One of the big pieces of it for me is health. I need to feel good in my body to function properly and the older I get, the more I realize how much that matters. But what does that even mean, to feel good in your body?
For me, it means eating food that supports my brain and my energy, which sounds noble but mostly just means less junk. I wish “feeling good” included more ice cream, but sadly my body says otherwise. How rude!

So here’s the paradox: if health is part of happiness, and I feel best when I eat things that fuel me, then happiness doesn’t always feel good in the moment.
It’s not indulgent or decadent. Sometimes it’s downright boring. But it’s eating those lentils and starting the day with protein instead of pancakes that actually keeps me steady enough to enjoy the fun stuff.

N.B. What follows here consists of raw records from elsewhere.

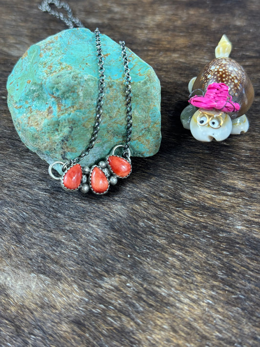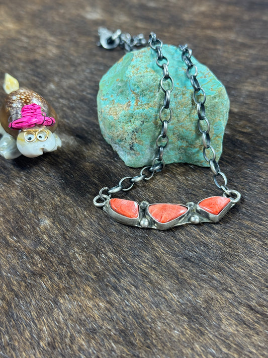 10% OFFRed Spiny 3 Stone Bar Necklace
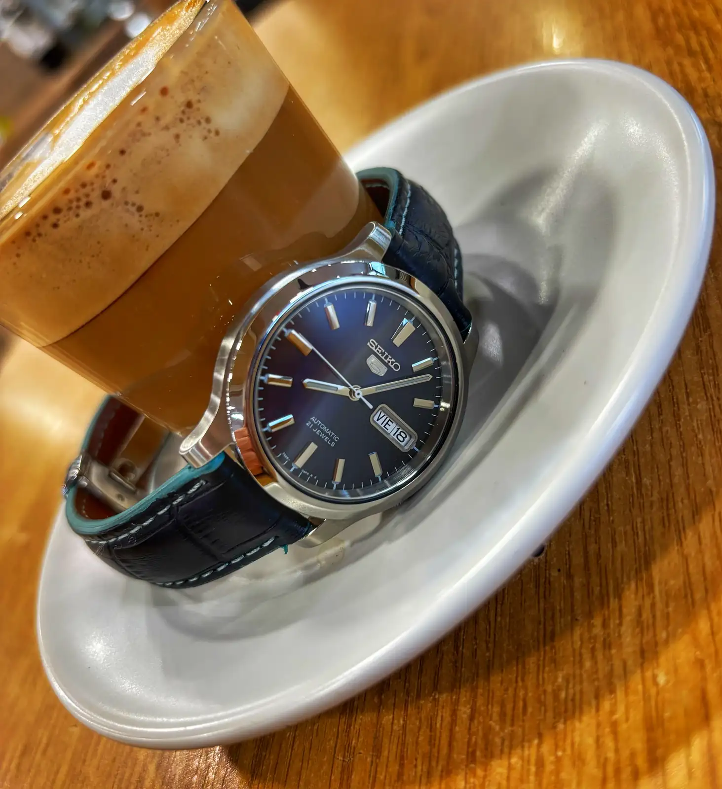 Me gustaria enseñaros el Seiko 5 que adquiri en 2018 por el módico precio de 72€ ahora el mismo reloj vale en internet casi 190€. Es un reloj que me encanta su estética y funcionalidad es única. La esfera es gris y tiene lumen tanto en las agujas como en los marcadores de las horas. Por la parte trasera se puede ver la maquinaria. La pulsera a la vista es tosca pero una vez puesta es suave y el reloj no pesa casi nada una vez puesto en la muñeca. Dicen que se recomienda engrasarlo cada 3/5 años yo la verdad soy de los que piensa que si un reloj funciona bien es mejor no tocarlo aunque tenga 20 o 30 años de uso diario nosé si compartís mi opinión en este sentido. Mi Seiko solo lo uso 1 o 2 dias generalmente los findes. Adelanta unos 20 segundos diarios más o menos. En definitiva un gran reloj japonés elegante y discreto.
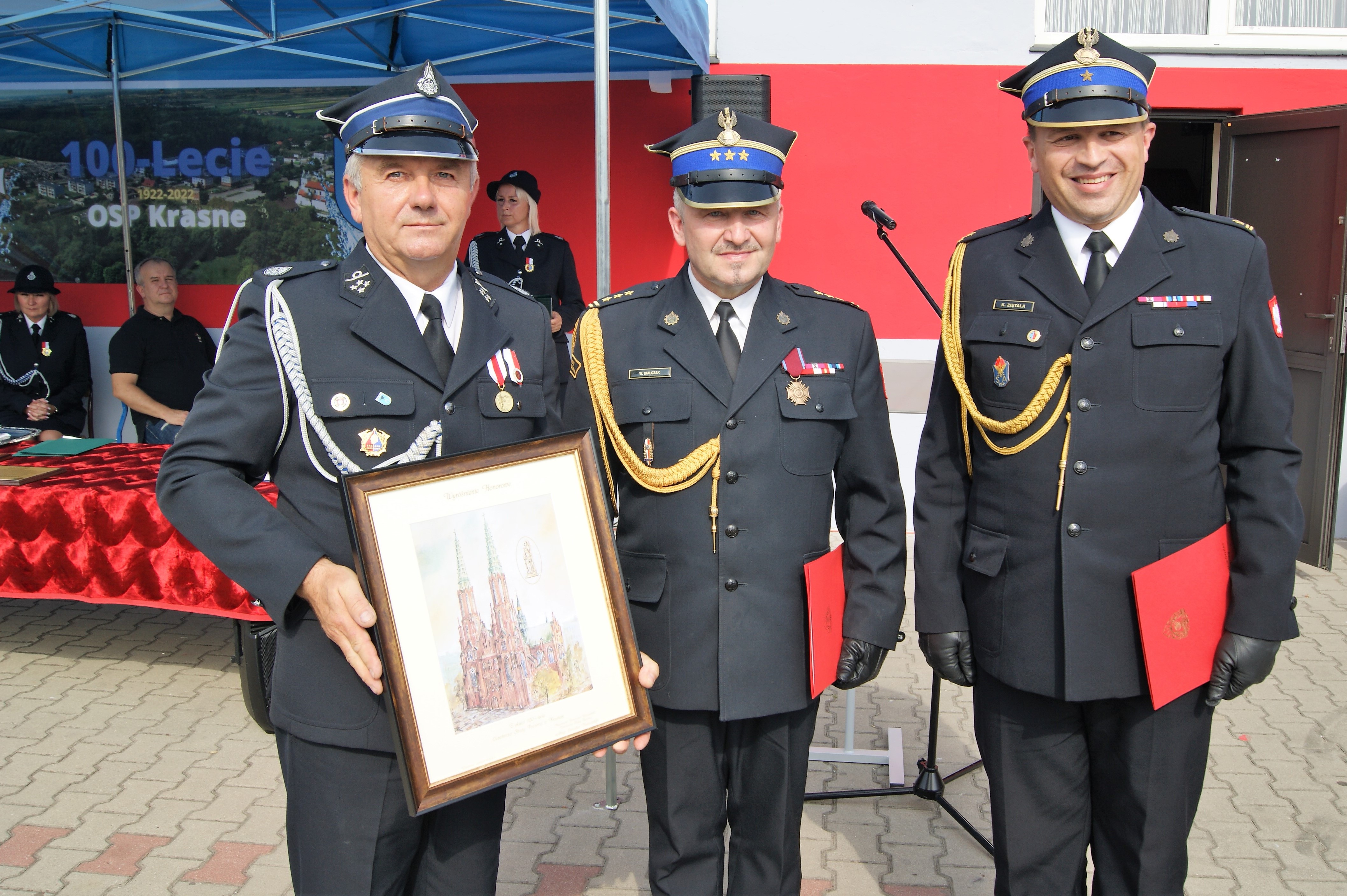 Ponadto przedstawiciel Mazowieckiego Komendanta Wojewódzkiego PSP mł. bryg. Karol Ziętala z okazji 100-lecia OSP w Krasnem na ręce Prezesa dh. Marka Balcerzaka wręczył pamiątkowy obraz przedstawiający Katedrę św. Michała Archanioła i św. Floriana Męczennika w Warszawie.

And I think that shows up in photography too. Real happiness in photos rarely looks like the shiny, posed kind. It’s the unexpected between moments: the laughter from a tickle fight, the time together uninterrupted by yet more phone notifications, or even that moment that recalls a happy memory. On Friday during a family mini session, I asked the husband to twirl his wife and they both were chuckling remembering their dance lessons from their wedding.
Curiosity and creativity are intertwined for me. I try to meet everything, including my own feelings, with curiosity. What’s this feeling trying to say? What happens if I let it pass without rushing to “fix” it?
That same curiosity is what keeps me creative, even on days when I don’t feel like showing up.
I read something recently that stuck with me: Stop treating feelings like traffic lights.

Feelings are signals, sure, but they don’t need to decide whether we stop, go, or slow down. If we only acted when we felt “good,” we’d never show up to work, start hard conversations, or do anything slightly uncomfortable.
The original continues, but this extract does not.